6 ways to cut your food waste
Whether it's talking about how many gallons of water it takes to produce a hamburger – 660, according to National Geographic – or what the carbon footprint is for lamb – which has the greatest impact on the environment of common protein foods and vegetables, per the Environmental Working Group, generating 39.3 kilograms of carbon dioxide equivalents for every one kilogram consumed – it seems like everyone's interested in greening their plates.
How you eat can make a huge impact on the earth, and it may even be the most direct way that you, as an individual, can make a difference. And one of the best strategies for cutting your environmental footprint is to stop wasting food.
Food waste is an enormous problem in this country. We waste enough food to fill the entire Rose Bowl in Pasadena every single day. I'm from the Pasadena area, so I know how big the Rose Bowl is, but if you can't wrap your mind around that estimate, consider this: More than 40 percent of the food produced for human consumption in the U.S. will never be eaten. Food waste is on the rise, too, having increased by about 50 percent since 1974. We are wasting more than 1,400 calories per person per day. That's almost enough to feed an entire person!
Sadly, along with every pound of food tossed out comes wasted resources, as well as increased burdens on the planet. Wasted food squanders 300 million barrels of oil per year – 4 percent of the total used – along with water, soil and pesticides, herbicides and fertilizer to grow the food. Food waste also fills up landfills, accounting for about 18 percent of municipal solid waste, and it produces methane as it decomposes. Even worse, we waste so much food in the face of so much hunger. The annual food waste – just at the retail and consumer level – in high-income countries nearly equals the entire annual food production in sub-Saharan Africa.

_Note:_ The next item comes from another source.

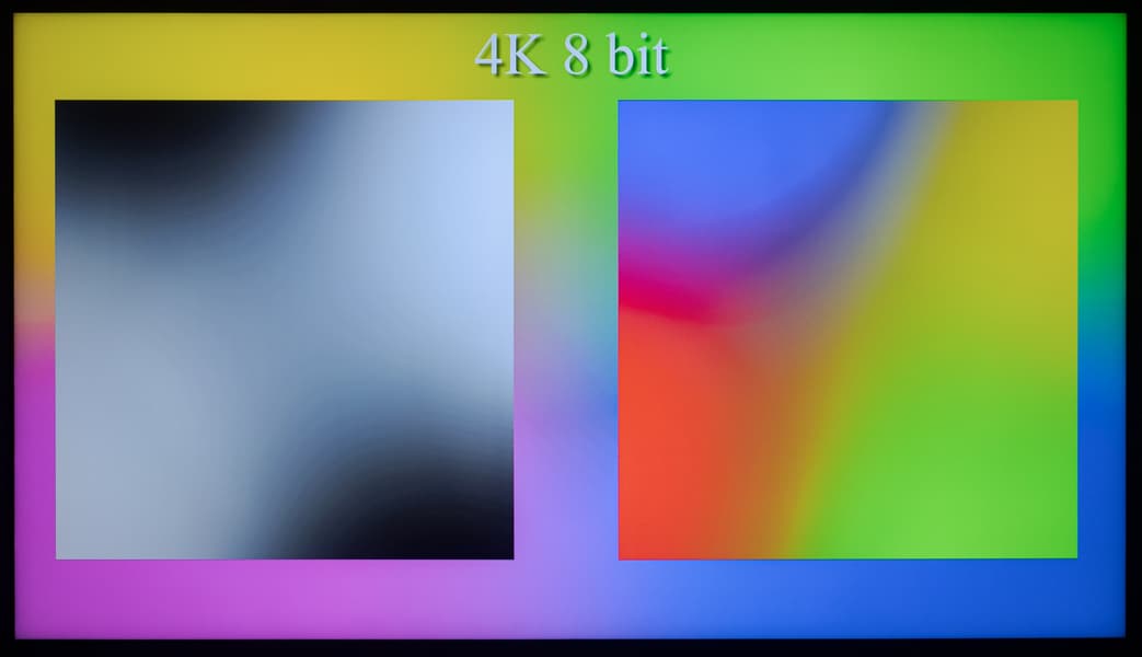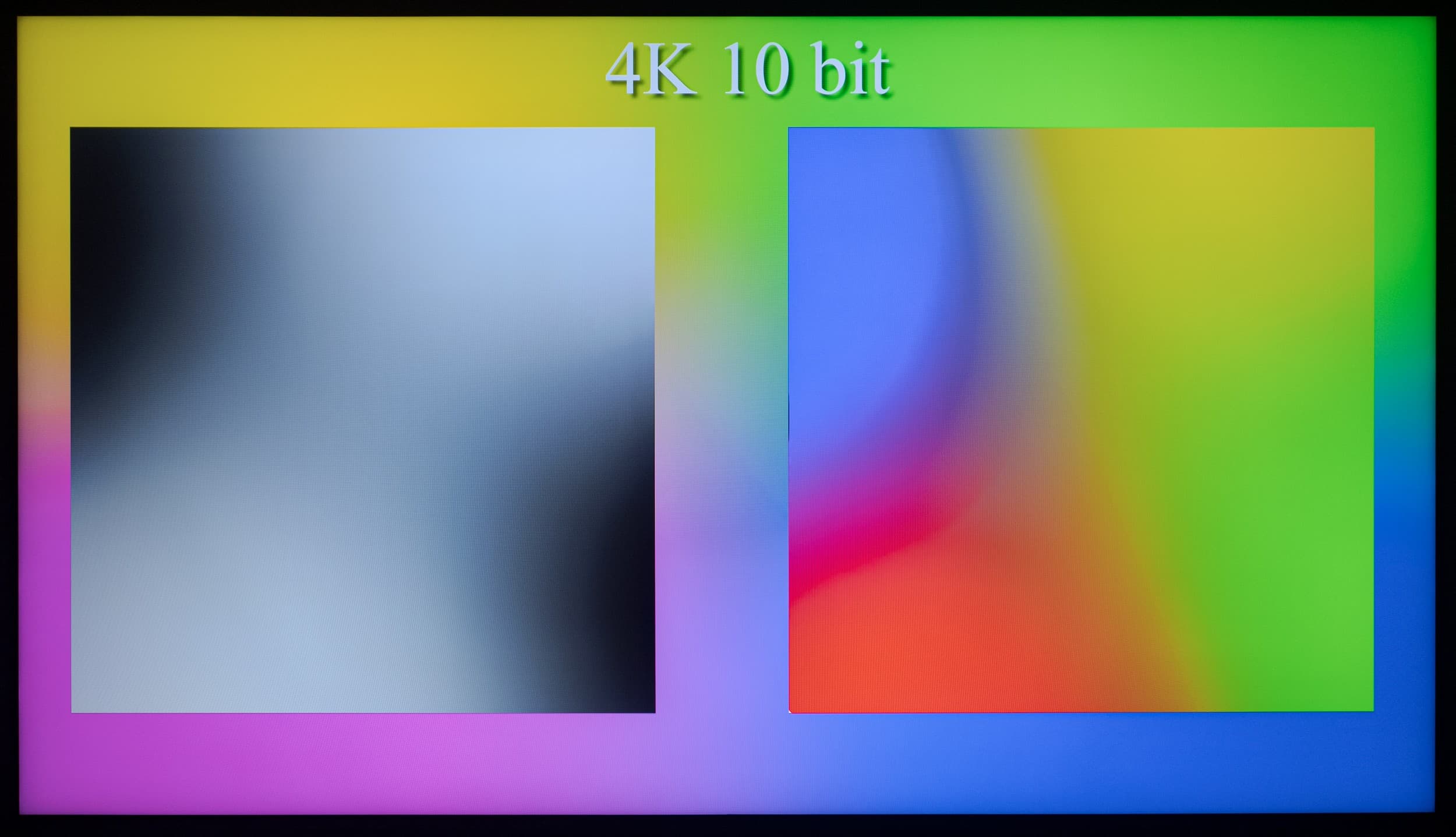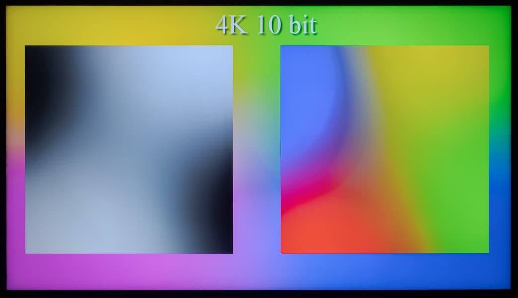 Наглядно видно, что телевизор способен выводить градиенты в 10-битном режиме более качественно, чем в стандартном 8-битном. Но в большей степени это будет актуально при выводе HDR-контента с соответствующими требованиями к ТВ. Использование же программной эмуляции до 12 бит через драйвер видеокарты не приносит видимых преимуществ над 10-битным выводом сигнала.

Food waste occurs on every level of the food chain – at the farm and in manufacturing, supermarkets, restaurants and home kitchens. But you can do your best to start a zero food waste policy in your own home, with these six tips:
1. Value your food. Why has food waste skyrocketed? Because food is so cheap; it accounts for 10 percent of our total household expenditures, which is very low compared to many countries. Because it's cheap, we don't think twice about throwing it out. So, change your dynamic and honor where your food comes from, realizing that someone worked hard to get that food to your plate. This is especially true for animal food, as an animal's life was forfeited for your plate. Don't let it go to waste.
2. Cut your portion size. One of the main reasons we waste food is because our portion sizes have grown to the point that we can't – and shouldn't – eat the whole thing. This happens at restaurants, cafeterias, schools and hospitals. Try to order small plates, a cup of soup rather than a bowl, or split something with your dining partner. At the very least, pack a doggy bag to take home.
3. Lose the perfection principle. We have now grown accustomed to foods that are so pristinely perfect that if it has the tiniest imperfection we won't purchase them. Do we really think that every apple grows from the tree without a blemish, or that every tomato comes from the vine without a scar? If you try growing your own food, you'll see just how hard this is to do, and why so much food is wasted before it even reaches the supermarket or restaurant. Interestingly, research shows that imperfect produce, with scabs or scars on the surface, may have even higher antioxidant levels because the plant had to mount a defense. Don't stop there; remember to use the whole plant – root, stem, leaf and flower – as much as possible.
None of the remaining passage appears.